Una voz resonó desde arriba. El hijo de Cossar, de pie sobre el terraplén, se había vuelto hacia ellos y les estaba hablando.
–No se trata de que queramos expulsar a la gente pequeña del mundo –dijo–, a fin de que nosotros, que no estamos más que a un grado por encima de su pequeñez, podamos dominar el mundo para siempre. Estamos luchando para conseguir este grado superior, pero no por nosotros mismos... Estamos aquí, Hermanos, ¿y con qué finalidad? Para servir el espíritu y el propósito que han sido infundidos en nuestras vidas. No luchamos por nosotros mismos, porque no somos sino las manos y los ojos momentáneos de la Vida del Mundo. Esto es lo que tú, Padre Redwood, nos enseñaste. Por medio de nosotros y por medio de la gente pequeña, el Espíritu observa y aprende. Desde nosotros deben pasar, por la palabra, el nacimiento y la acción a otras vidas aún mayores. Esta tierra no es ningún lugar de reposo, no es ningún campo de juego; de no ser así, tanto valdría ofrecer nuestras gargantas al cuchillo de la gente pequeña, ya que no tendríamos más derecho a la vida que ellos. Y ellos, por su parte, podrían entregarse a las hormigas y a las cucarachas. No luchamos por nosotros mismos, sino por el crecimiento... por el crecimiento que prosigue y proseguirá eternamente. Mañana, tanto si nos toca vivir como si nos toca morir, el crecimiento lo conquistará todo.
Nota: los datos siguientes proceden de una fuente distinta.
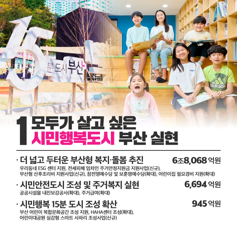 [부산형 복지‧돌봄 실현: 6조 8천68억 원] 더 넓고 두터운 복지·돌봄을 추진합니다. 사회 취약계층에 대한 사회 안전망과 기초생활 지원을 확대해 자립과 성장을 함께 지원합니다.

Esta es la ley del espíritu para siempre jamás. ¡Crecer de acuerdo con la voluntad de Dios! ¡Crecer y desarrollarse fuera de estas grietas y hendiduras, fuera de estas sombras y tinieblas, en la grandeza y la luz! ¡Más grande, hermanos míos! Y después... aún más grande. Crecer, y luego... crecer más. Crecer, en fin, hasta alcanzar la camaradería y la comprensión de Dios. Crecer hasta que la tierra no sea más que un escalón, hasta que el espíritu haya reducido el miedo a la nada y se haya esparcido...
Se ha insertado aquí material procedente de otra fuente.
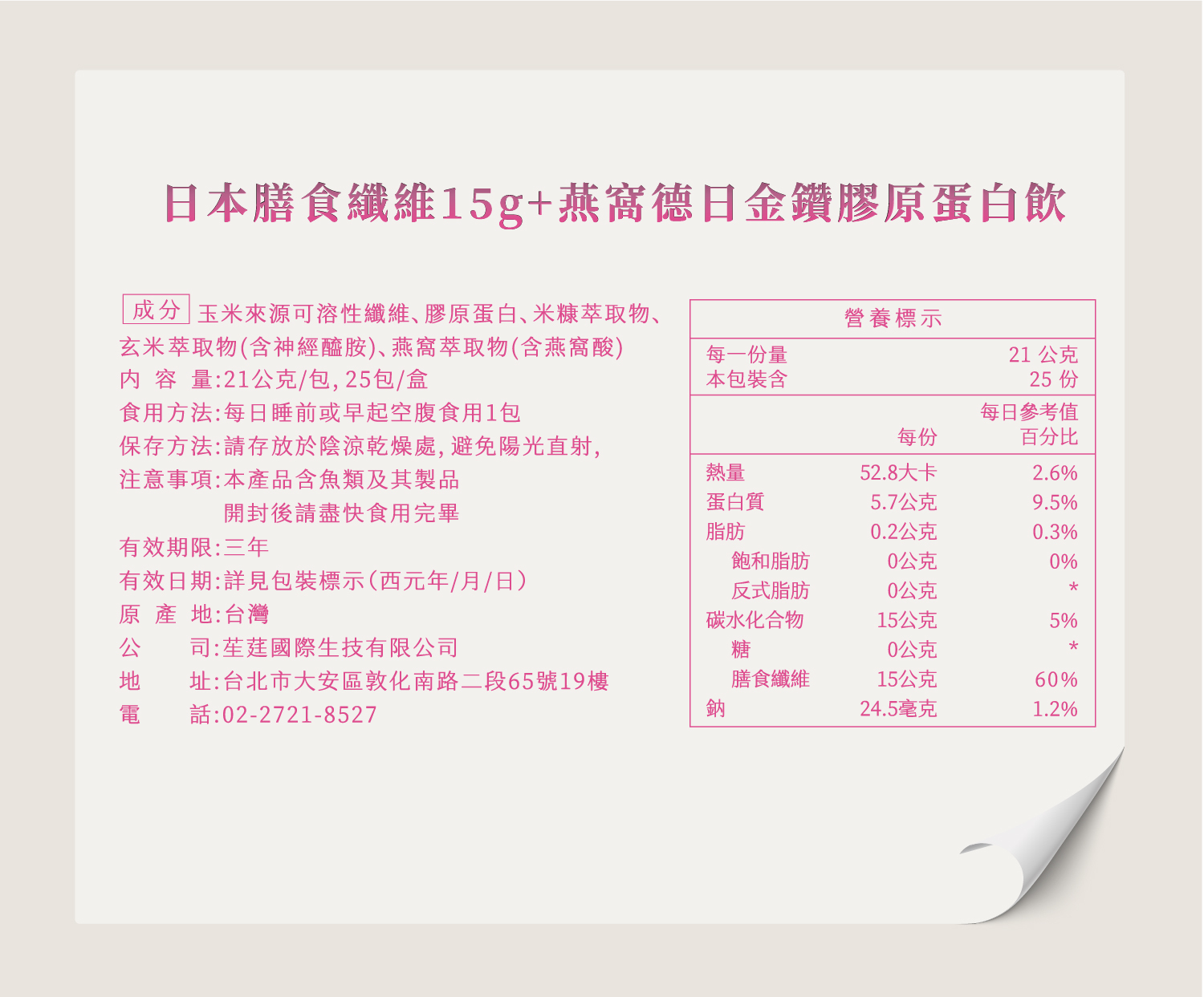 ✅全台最高、每包含「日本專利Fibersol®-2膳食纖維15克」,輕鬆補足成人一日所需25g膳食纖維的60%需求

Y señalando el cielo con un amplio ademán, añadió:
–¡Allá!
Cesó su voz. El blanco resplandor de uno de los reflectores giró en redondo y por un momento lo iluminó, erguido y gigantesco, con la mano alzada en dirección al firmamento.
Durante unos instantes fue resplandeciente, la mirada hacia arriba, hacia la inmensidad del espacio, revestido de cota de malla, joven y fuerte, resuelto e intrépido. Después la luz pasó y él permaneció como una gran silueta negra recortada contra el cielo estrellado, una gran silueta negra que amenazaba con gesto imponente el cielo y toda su multitud de estrellas.